The fine Noongar actor Ian Michael makes his directorial debut with a play he’s dreamt of staging since he saw it five years ago, and he and his outstanding First Nations cast do complete justice to Cerini’s vision.
The Bleeding Tree is a “murder” without a mystery. We learn immediately that there’s a body – represented by a pile of dirt on the floor – of a brutal drunkard who’s the husband of a woman (Karla Hart) and father of two sisters (Abbie-Lee Lewis and Ebony McGuire).
He’s returned home from the pub, shit-faced and terrifying. One of his girls fells him with a blow to the shins, another clubs him unconscious on the ground before the mother puts a shotgun to his neck and blows it apart. “Thank God the prick is dead.”
It’s also a horror story without the traditional tension. The physical threat posed by the man is over with his death, but the horror of him is recalled by the three women in awful detail throughout the play.
This is no ordinary story, and it’s told in an extraordinary way.
To begin with, the dialogue is entirely in verse, often blank, sometimes in rhyme. It’s a dark liturgy of outrage, of fear and fury at the despicable man who blighted their lives.
And it is dominated by a ferocious metaphor; the women have no means of disposing of his body, but as their first visitor remarks, under the right circumstances an exposed body will decompose in three days.
The body is strung up on a tree in the back yard where the family bled out the goats they slaughtered – literally where the dingoes and crows could molest him.
And they do, along with the rats, the flies and their maggots, the ants, even the chooks, and finally, taking its long-awaited vengeance, the postman’s dog.
It’s a righteous carnival of the excarnation of the body, and Cerini takes it further than even Zoroastrians do; after the scavengers have done their business, the mother boils the bones into a broth to fertilise the roses she intends to grow.
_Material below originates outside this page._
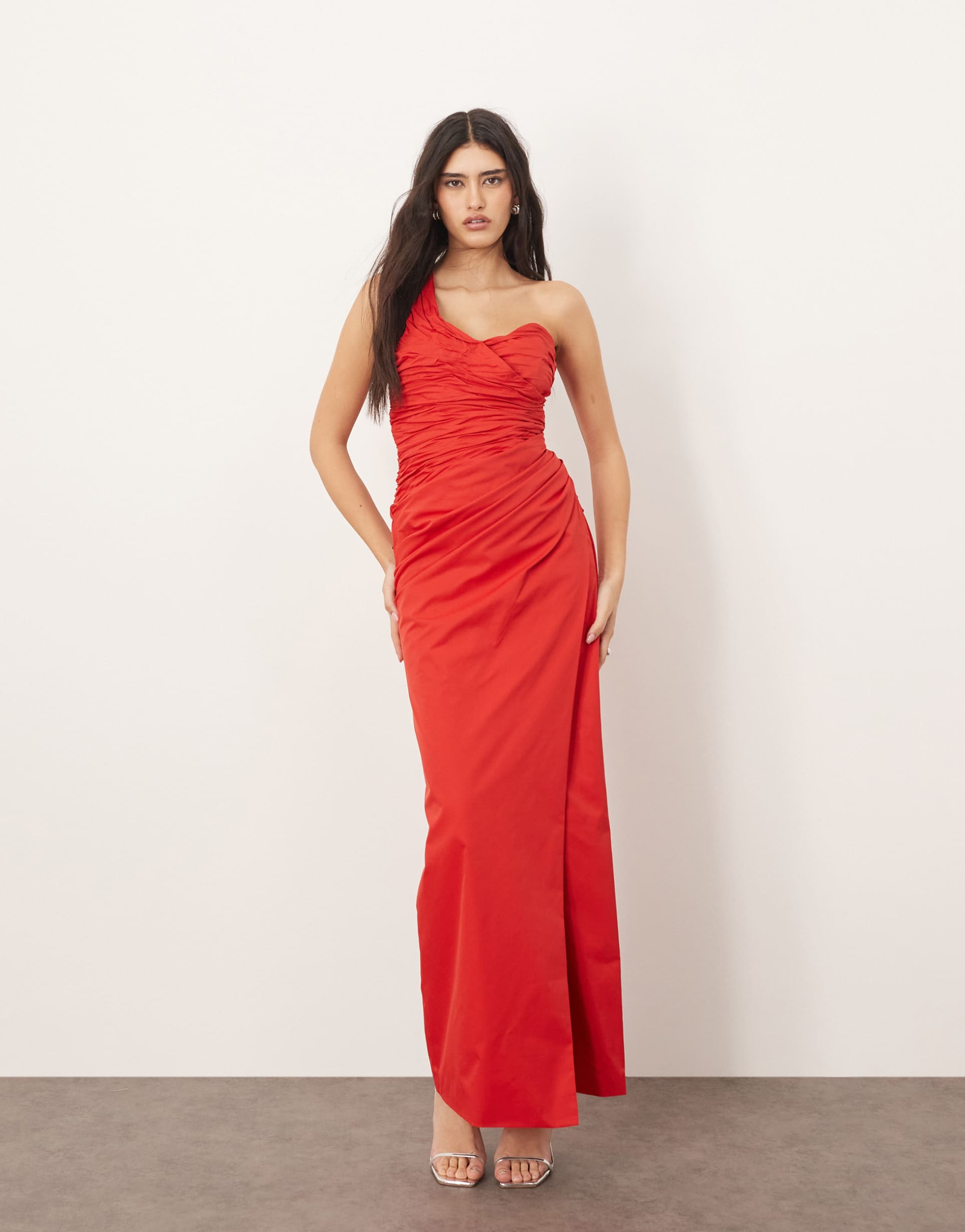 red one shoulder maxi dress

Like Dylan Thomas’s lovers, his “bones are picked clean and the clean bones gone” – but for this man there will be no stars at elbow and foot, and Death will have its dominion.
It sounds gruesome, but you feel like cheering every time a rat climbs out of the neck wound or the dog crunches a bone; it’s an excoriation devoutly to be wished.
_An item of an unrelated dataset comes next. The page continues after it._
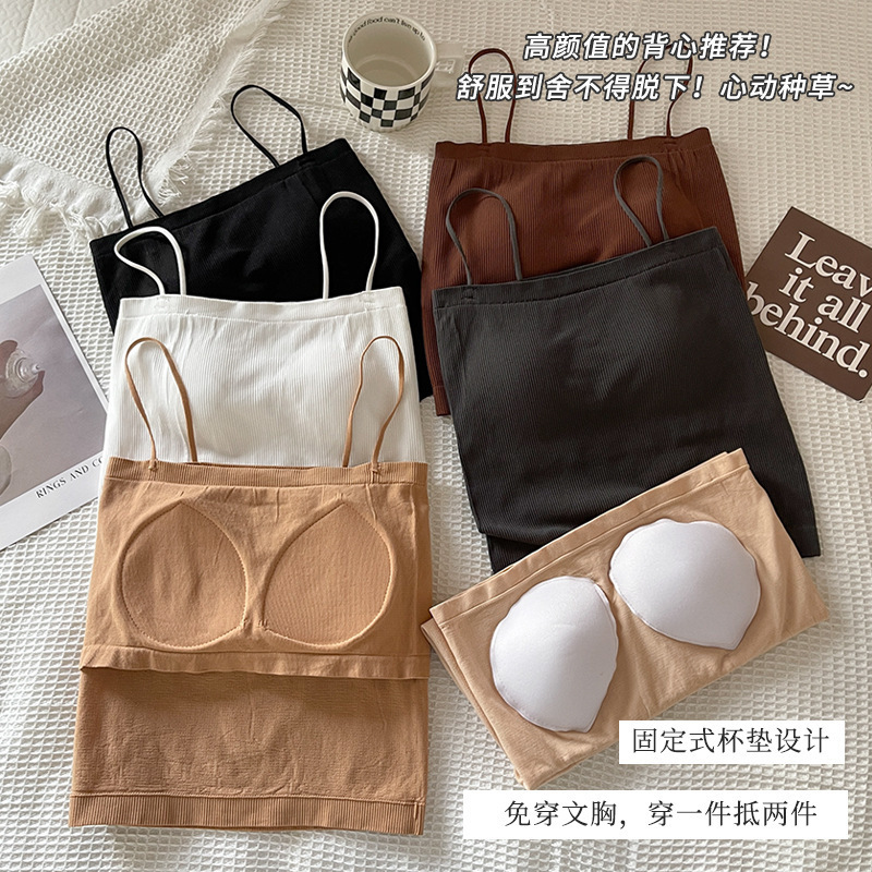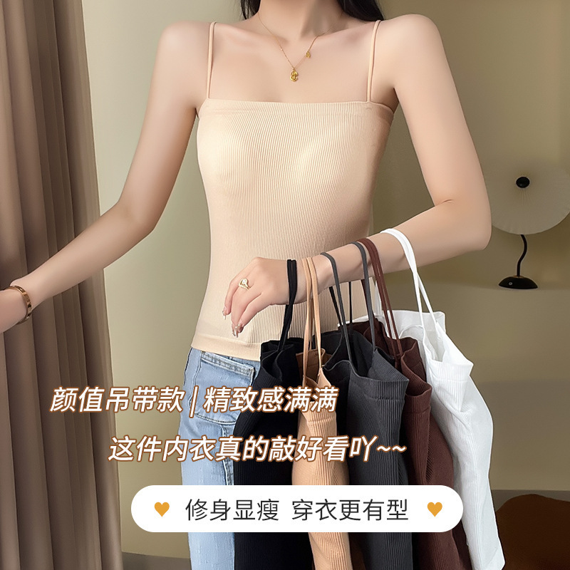 | nameOriginal | Solid Color Thread Sling Beauty Back Vest One-piece Casual Spice Girl Simple Top with Chest Pad |
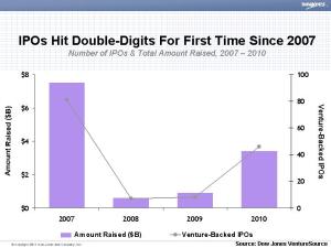 Overall in 2010, the number of exits increased 25% from 2009, but considering the economic state the world was in two years ago, that’s not saying a lot. In all 514 companies went public or got acquired in 2010, netting some $39.3 billion in capital. Those totals still fell short of the 613 companies that exited 2007– the last decent year on record.

It’s also a deeply moral story in the face of the daily real-life horrors faced by women and children at the hands of violent husbands and fathers, and, in the hands of a First Nations director and cast, the unretributed violence committed on the inhabitants of Australia by its colonisers.
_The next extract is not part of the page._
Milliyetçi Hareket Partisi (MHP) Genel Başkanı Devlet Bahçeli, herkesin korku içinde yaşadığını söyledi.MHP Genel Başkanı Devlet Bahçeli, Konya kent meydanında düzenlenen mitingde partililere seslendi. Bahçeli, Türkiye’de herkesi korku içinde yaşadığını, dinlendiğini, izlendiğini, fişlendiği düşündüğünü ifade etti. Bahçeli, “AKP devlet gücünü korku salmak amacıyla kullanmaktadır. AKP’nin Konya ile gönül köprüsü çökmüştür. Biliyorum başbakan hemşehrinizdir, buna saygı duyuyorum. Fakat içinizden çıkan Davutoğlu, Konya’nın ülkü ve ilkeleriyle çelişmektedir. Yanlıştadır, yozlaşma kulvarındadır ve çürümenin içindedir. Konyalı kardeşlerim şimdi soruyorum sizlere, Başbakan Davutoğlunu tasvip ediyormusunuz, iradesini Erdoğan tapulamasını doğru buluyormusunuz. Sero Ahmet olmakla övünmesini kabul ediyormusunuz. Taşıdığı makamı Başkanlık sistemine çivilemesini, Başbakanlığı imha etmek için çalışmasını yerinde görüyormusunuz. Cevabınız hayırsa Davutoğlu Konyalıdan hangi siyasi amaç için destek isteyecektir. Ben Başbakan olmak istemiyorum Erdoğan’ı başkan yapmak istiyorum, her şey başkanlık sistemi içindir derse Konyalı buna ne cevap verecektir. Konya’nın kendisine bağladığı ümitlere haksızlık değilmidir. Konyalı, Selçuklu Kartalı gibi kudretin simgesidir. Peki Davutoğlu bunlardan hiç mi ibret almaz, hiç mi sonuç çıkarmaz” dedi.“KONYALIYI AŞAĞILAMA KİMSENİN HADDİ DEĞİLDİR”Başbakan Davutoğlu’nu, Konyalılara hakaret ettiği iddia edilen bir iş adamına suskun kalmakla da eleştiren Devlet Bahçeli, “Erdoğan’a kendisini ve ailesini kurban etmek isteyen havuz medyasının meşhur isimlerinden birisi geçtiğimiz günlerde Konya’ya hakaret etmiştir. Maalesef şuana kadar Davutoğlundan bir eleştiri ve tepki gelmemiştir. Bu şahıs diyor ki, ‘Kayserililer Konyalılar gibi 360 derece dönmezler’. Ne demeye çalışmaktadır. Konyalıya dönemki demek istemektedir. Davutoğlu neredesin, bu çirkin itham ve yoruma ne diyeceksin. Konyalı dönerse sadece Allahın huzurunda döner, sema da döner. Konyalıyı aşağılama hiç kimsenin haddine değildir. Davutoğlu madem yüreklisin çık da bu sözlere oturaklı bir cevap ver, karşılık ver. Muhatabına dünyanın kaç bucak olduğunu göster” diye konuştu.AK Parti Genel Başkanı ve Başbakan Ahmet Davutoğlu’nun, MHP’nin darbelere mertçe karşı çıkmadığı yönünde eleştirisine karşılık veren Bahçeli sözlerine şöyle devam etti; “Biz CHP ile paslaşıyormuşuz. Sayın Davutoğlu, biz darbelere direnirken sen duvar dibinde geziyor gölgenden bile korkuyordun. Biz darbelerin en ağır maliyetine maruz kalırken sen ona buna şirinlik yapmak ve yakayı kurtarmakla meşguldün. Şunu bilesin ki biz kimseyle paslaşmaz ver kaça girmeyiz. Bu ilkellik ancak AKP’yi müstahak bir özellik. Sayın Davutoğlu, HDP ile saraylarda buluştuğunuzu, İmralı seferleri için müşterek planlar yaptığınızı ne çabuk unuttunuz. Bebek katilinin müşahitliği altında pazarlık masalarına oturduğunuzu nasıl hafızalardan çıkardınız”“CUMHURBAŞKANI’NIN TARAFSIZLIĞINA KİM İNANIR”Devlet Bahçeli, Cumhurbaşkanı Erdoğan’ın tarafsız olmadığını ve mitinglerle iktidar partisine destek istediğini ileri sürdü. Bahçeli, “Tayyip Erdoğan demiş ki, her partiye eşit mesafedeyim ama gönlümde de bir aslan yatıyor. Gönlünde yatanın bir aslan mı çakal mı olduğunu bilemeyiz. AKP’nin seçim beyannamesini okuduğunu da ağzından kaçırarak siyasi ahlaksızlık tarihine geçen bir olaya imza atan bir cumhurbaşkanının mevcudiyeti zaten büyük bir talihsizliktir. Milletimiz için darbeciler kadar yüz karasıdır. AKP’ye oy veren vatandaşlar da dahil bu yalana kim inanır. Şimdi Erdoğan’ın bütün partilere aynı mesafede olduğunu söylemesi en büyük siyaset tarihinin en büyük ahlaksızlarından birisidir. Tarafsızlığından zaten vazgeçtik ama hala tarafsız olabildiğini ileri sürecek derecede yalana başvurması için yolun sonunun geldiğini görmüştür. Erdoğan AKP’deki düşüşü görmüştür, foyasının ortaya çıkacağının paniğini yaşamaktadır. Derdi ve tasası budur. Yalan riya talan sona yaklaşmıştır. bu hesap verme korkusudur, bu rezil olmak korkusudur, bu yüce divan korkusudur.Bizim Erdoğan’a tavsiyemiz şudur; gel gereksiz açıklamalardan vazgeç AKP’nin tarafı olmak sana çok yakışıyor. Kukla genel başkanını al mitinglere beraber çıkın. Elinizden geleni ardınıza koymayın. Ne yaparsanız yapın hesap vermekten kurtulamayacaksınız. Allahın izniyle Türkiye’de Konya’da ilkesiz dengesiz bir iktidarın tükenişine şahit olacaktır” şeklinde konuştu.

The production is faultless; Tyler Hill’s set – a box of latticed wood, somewhere between an enclosed lean-to and a cell – floats in darkness above the theatre floor, it’s interior lit menacingly by Chloe Ogilvie. This is a project made for Rachael Dease, and her sound design begins as a soft growl, a dirge and a buzz, but folds into a soft hymn as the ritual obliteration of the man proceeds.
In this stultifying, defiled but somehow sacred place, Hart, Lewis and McGuire are avenging angels, priestesses at the sacrifice of the un-innocent. Their anger and their humanity are incandescent.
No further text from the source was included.